Charles Blé Goudé, un proche de l'ex-président ivoirien Laurent Gbagbo, rejoint samedi son mentor à la Cour pénale internationale (CPI), qui l'accuse, comme son aîné, de crimes contre l'humanité.
L'ex-chef des "jeunes patriotes", un mouvement pro-Gbagbo extrêmement violent, "a été transféré à la CPI ce jour", a fait savoir le gouvernement à la télévision nationale, ce qu'a aussitôt confirmé la Cour.
M. Blé Goudé, surnommé "général de la rue" pour sa capacité de mobilisation, "a été remis à la CPI par les autorités de la Côte d'Ivoire", selon un communiqué de la juridiction internationale.
"Il est en cours de transfert au quartier pénitentiaire de la CPI", selon la même source.
D'après la porte-parole ajointe du gouvernement, Affoussiata Bamba, jointe par l'AFP, le greffe de la Cour est venu chercher le prévenu à Abidjan.
L'avion "affrété par la CPI" a décollé à 10H03 GMT de la capitale économique ivoirienne. Selon une estimation de l'AFP, il devrait donc atterrir entre 15H00 et 17H00 aux Pays-Bas où la CPI est basée à La Haye.
Charles Blé Goudé est considéré par ses détracteurs et par les ONG internationales comme l'un de ceux qui ont le plus contribué aux violences durant la crise postélectorale de décembre 2010-avril 2011.
La juridiction internationale le soupçonne de quatre chefs d'accusation de crimes contre l'humanité --meurtre, viol, persécution et autres actes inhumains--, commis entre le 16 décembre 2010 et le 12 avril 2011.
"Nous avons franchi une nouvelle étape dans la recherche de la vérité au sujet de l’un des épisodes les plus sombres de violences commises à grande échelle ces dernières années", s'est réjouie Fatou Bensouda, le procureur de la CPI.
M. Blé Goudé, arrêté en janvier 2013 au Ghana après plus d'un an et demi de cavale, retrouvera donc Laurent Gbagbo, écroué depuis fin 2011 à La Haye en attente de son procès pour crimes contre l'humanité.
L'avocat israélien Nicholas Kaufman le représentera à la CPI, a déclaré à l'AFP Claver Ndri, son défenseur en Côte d'Ivoire, qui a regretté de ne pas avoir été "convié" à l'aéroport samedi pour accompagner son client.
- "Pas peur" -
"Si nous sommes respectueux de la loi, nous n'avons pas peur", a estimé Me Ndri, ajoutant que les juges ivoiriens n'avaient pas présenté "grand-chose" contre Charles Blé Goudé, pourtant "si recherché".
"On attendait des preuves pendant des heures.

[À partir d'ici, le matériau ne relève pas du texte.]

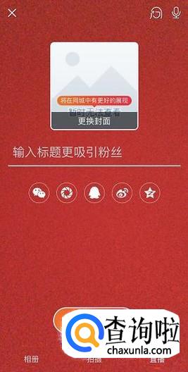 如果想要直播的话,点击下面的直播,传上封面、加上标题,才可以直播。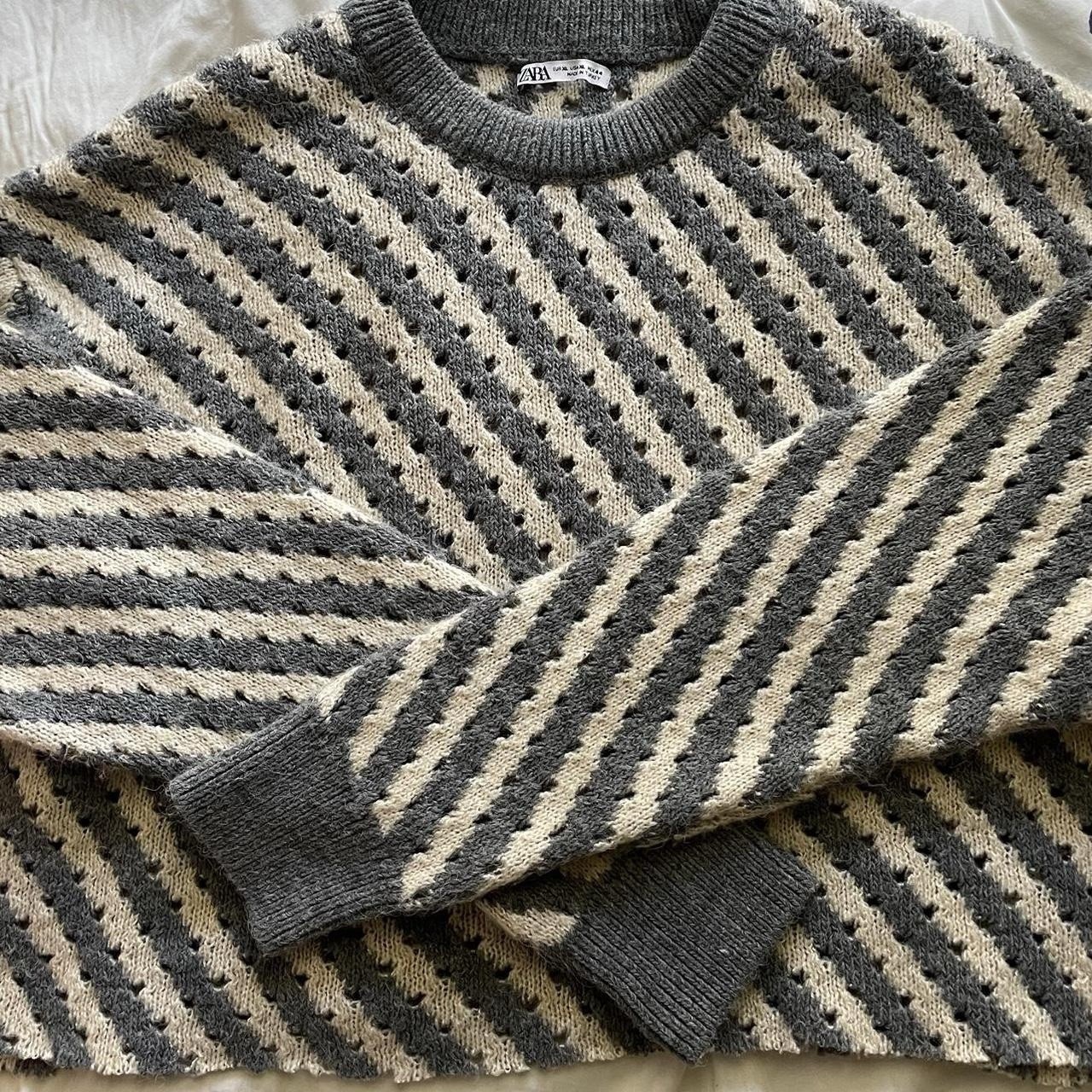 как выглядит ZARA Men s Gray White Striped Knit Sweater Pullover Size Large L фото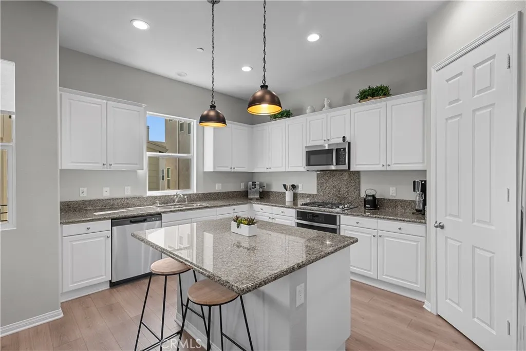Welcome to Five Point! This is one of the most sought-after communities in the area, known for its vibrant lifestyle, resort-like amenities and beautifully designed homes. This meticulously crafted newer construction property offers modern elegance and top-notch amenities, perfect for todays lifestyle. Located in a desirable neighborhood, the home features a tri-level layout with abundant natural light and upgraded vinyl plank flooring throughout, creating a warm and inviting atmosphere. As you enter through the front door, the first level offers an ample space for a small office or seating area and access to your private 2 car garage. At the heart of the home, the spacious living area allows for a seamless flow from the living room to the private deck, making it ideal for entertaining. The gourmet kitchen boasts stainless steel appliances, granite countertops, a large island, and ample pantry closet space, transforming meal prep into a joy. Also on the main level is the laundry room, a bedroom and full bathroom. On the top level, the primary bedroom includes a master suite that serves as a private oasis, complete with a walk-in closet and a spa-like en-suite bathroom featuring dual vanities and a glass-enclosed shower. The secondary bedroom also offers a walk-in closet and a full private bathroom. Step outside on your second private deck to enjoy a beautiful view with your morning cup of coffee or peaceful evenings under the stars. This home is designed with energy efficiency in mind, equipped with Solar, EV ready Charging, modern insulation and energy-efficient appliances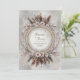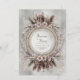 Invite your guests to a celebration of bohemian romance and natural elegance with this exquisite wedding invitation. The design features a stunning central white circular frame encircled by a lavish wreath. This wreath is composed of soft, layered beige and brown feathers, delicate pale pink daisy-like flowers, and intricate sprigs of white and copper-toned foliage. The frame itself is highlighted by delicate gold inner detailing that suggests antique craftsmanship, all set against a subtle, textured gray and white backdrop. This aesthetic beautifully blends earthy, organic elements with classic, opulent accents, perfectly setting the stage for a unique, stylish, or desert-themed wedding. This invitation card is ideally suited for a bohemian style wedding, a chic engagement celebration, or an outdoor reception. It would also perfectly suit a sophisticated fall or desert-themed party or a serene, elegant vow renewal ceremony. The card's captivating blend of pristine florals and a moody, monochromatic backdrop ensures it is versatile for any solemn ceremony, corporate gala, or refined birthday announcement.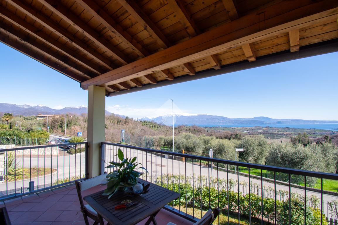 PUEGNAGO - Nel cuore delle colline moreniche, all’interno di un elegante residence immerso nel verde con piscine e curati spazi comuni, proponiamo in vendita un ampio bilocale di testa con mansarda e terrazzo panoramico con vista totale sul Lago di Garda.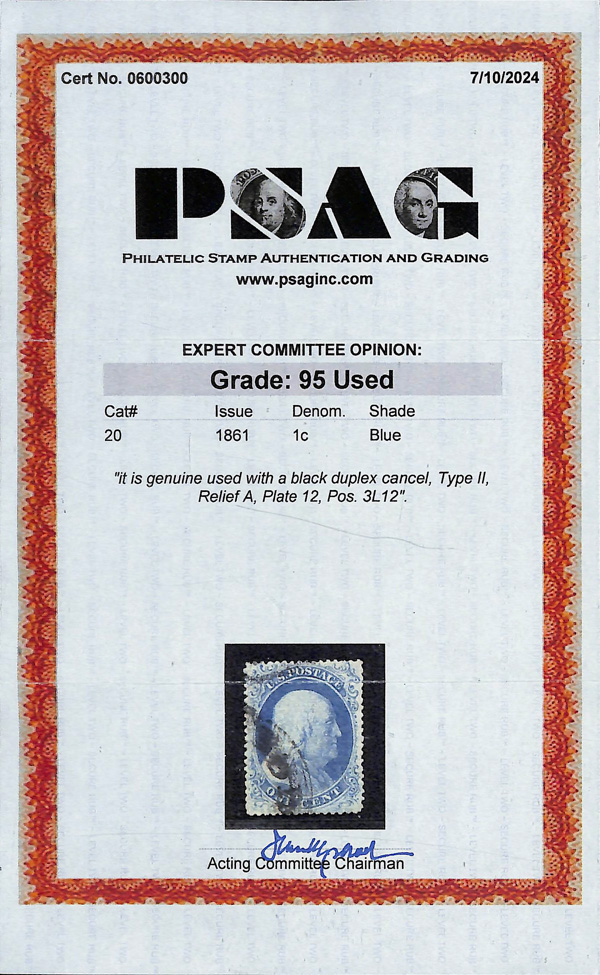 2366 O 20 var. image1857, 1¢ blue, type II (Scott 20 var.), Relief A, Plate 12, position 3L12, sound with luxuriant color and sensational centering; town postmark face-free, Extremely Fine to Superb, a Top of the Pop, PSE's Population Report recording only three stamps at this apex grade, with 2024 P.S.A.G. certificate graded XF-SUP 95.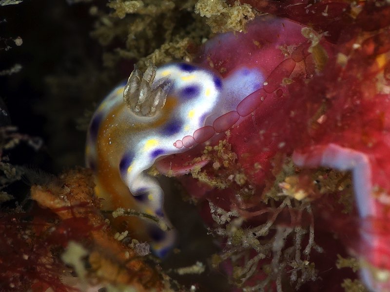 Earlier in the week Sunday looked like the most promising day however the weather forecast kept fluctuating and only looked suitable again late on Saturday. We headed for Old Woman Island with the intention of anchoring in the lee just in case the winds belied the forecast again. Unfortunately the swell was quite powerful (long period) which creates uncomfortable surge in shallow waters so, for this excursion we opted to visit a site we have not searched in almost 6 years. Back in 2012 was our last visit here when we were still operating the inflatable. On that visit we recorded 27 species but the viz at that time was only 5 m. Trench is one of our closest sites to the Mooloolah River entrance but still provides good depths to help mitigate the effects of the swell down below. As it happened the wind did not get above 10 knots except for a short period around midday. Today’s excursion turned up some interesting finds, some in pairs, such as: Crimora edwardsi, Verconia alboannulata, Verconia romeri, Diversidoris crocea and Hypselodoris zephyra. Other finds worth a special mention include Actinocyclus verrucosus together with its egg mass and the elegant coloured and patterned Goniobranchus coi. We concentrated our search on the northern wall that drops in a series of terraces to the sandy gutter - a wonderful variety of substrate. Next time we will swim across the Trench and explore the southern escarpment. Altogether a most rewarding excursion at a long neglected site.

Mais on tournait en rond", a estimé l'avocat, visiblement confiant.
Le conseil des ministres a accepté jeudi le transfèrement de l'accusé, âgé de 42 ans, dont le mandat d'arrêt, émis le 21 décembre 2011, avait été rendu public par la CPI en octobre.
La décision d'Abidjan divise le pays, l'opposition pro-Gbagbo accusant le pouvoir d'Alassane Ouattara de signer la fin de la réconciliation.

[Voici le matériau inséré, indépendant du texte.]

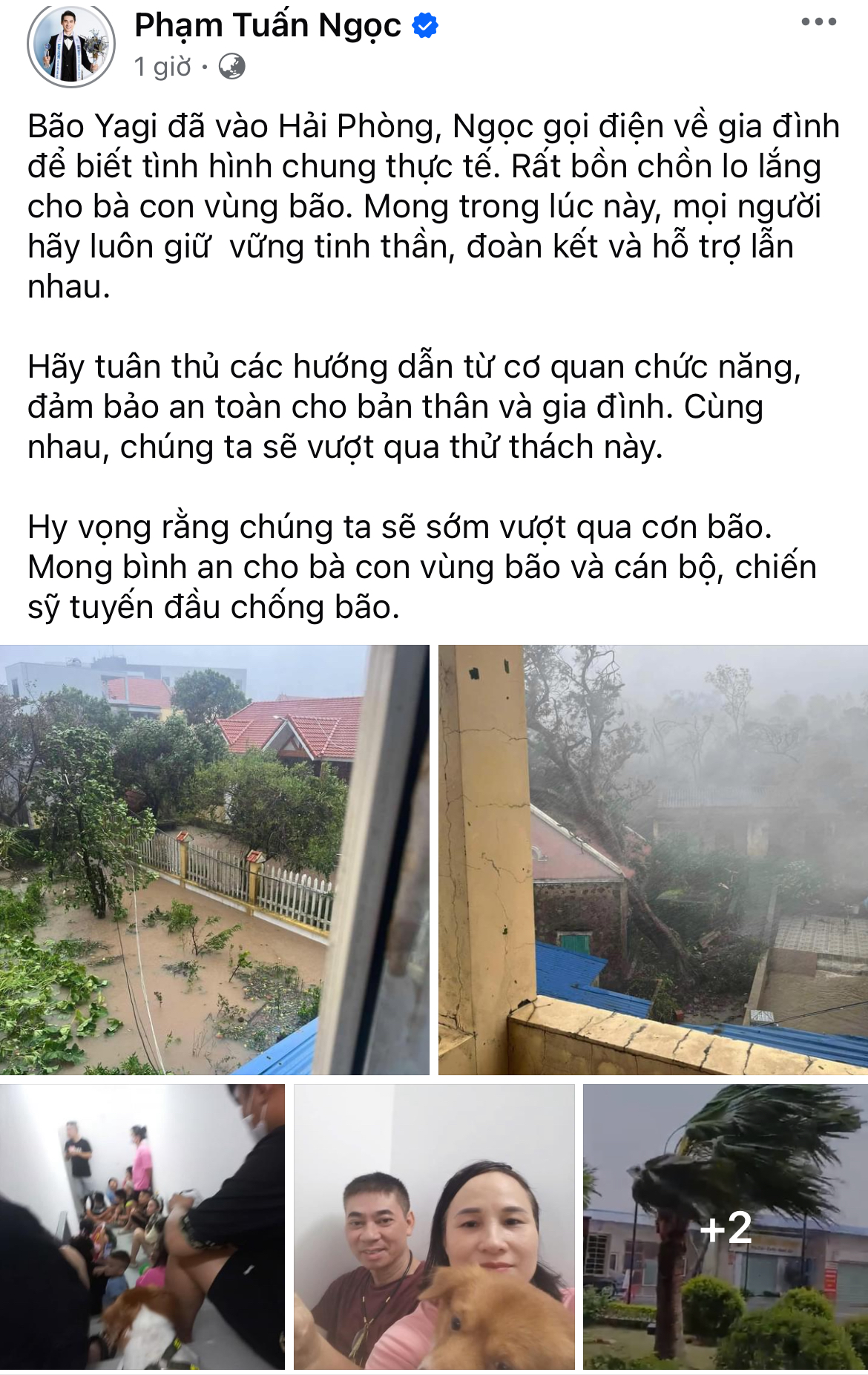 Tuấn Ngọc chia sẻ thêm: "Bão YAGI đã vào Hải Phòng, Ngọc gọi điện về gia đình để biết tình hình chung thực tế. Rất bồn chồn lo lắng cho bà con vùng bão. Mong trong lúc này, mọi người hãy luôn giữ vững tinh thần, đoàn kết và hỗ trợ lẫn nhau. Hãy tuân thủ các hướng dẫn từ cơ quan chức năng, đảm bảo an toàn cho bản thân và gia đình. Cùng nhau, chúng ta sẽ vượt qua thử thách này. Hy vọng rằng chúng ta sẽ sớm vượt qua cơn bão. Mong bình an cho bà con vùng bão và cán bộ, chiến sỹ tuyến đầu chống bão.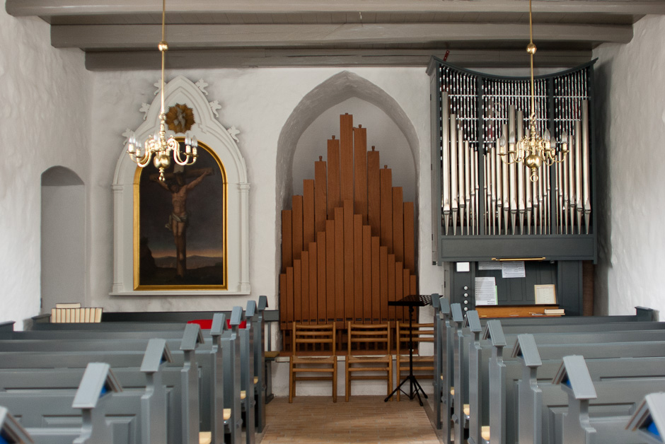 Ved den indvendige restaurering af kirken i 2002 fjernede man vægpaneler og forsynede bænkene med gavle ind mod væggene. De store træpiper til orglet står i den tilmurede åbning til tårnrummet.

La Côte d'Ivoire a connu une décennie de crise politico-militaire, qui a culminé avec les violences postélectorales de 2010-2011, lorsque M. Gbagbo avait refusé de reconnaître sa défaite à la présidentielle de 2010 face à l'actuel chef de l'Etat.
Plus de 3.000 personnes avaient été tuées durant cette crise.

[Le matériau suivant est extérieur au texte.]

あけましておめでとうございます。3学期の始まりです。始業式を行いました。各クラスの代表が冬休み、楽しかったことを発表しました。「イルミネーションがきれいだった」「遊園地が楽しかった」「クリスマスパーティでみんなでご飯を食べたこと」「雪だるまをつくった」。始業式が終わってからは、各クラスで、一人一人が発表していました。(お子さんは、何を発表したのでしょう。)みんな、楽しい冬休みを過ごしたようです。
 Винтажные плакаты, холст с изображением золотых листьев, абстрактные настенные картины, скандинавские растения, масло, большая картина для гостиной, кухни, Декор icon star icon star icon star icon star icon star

Abidjan a refusé en septembre le transfèrement à la CPI de Simone Gbagbo, arguant que le renouveau de son système judiciaire, pourtant défaillant, lui permettait de juger en Côte d'Ivoire la femme de l'ex-président, qui doit aussi répondre de "crimes contre l'humanité".
Mais les autorités, qui en appellent régulièrement à la "souveraineté nationale", n'ont pas retenu cet argument pour M. Blé Goudé.
Nombre d'observateurs craignent qu'Abidjan soit tombé dans un "piège" en livrant ce prévenu.
Car des pro-Ouattara se sont également rendus coupables d'exactions pendant la crise postélectorale. Certains chefs de guerre, aujourd'hui aux plus hauts postes des forces de sécurité, seraient visés par la CPI, affirment des connaisseurs du dossier.
"Ce n’est pas la fin de notre travail en Côte d'Ivoire", a affirmé le procureur Bensouda.
Et d'ajouter : "si la situation le justifie, nous présenterons d’autres affaires devant les juges de la CPI sans crainte ou sans traitement de faveur, et quel que soit le bord ou l’appartenance politique des auteurs des crimes."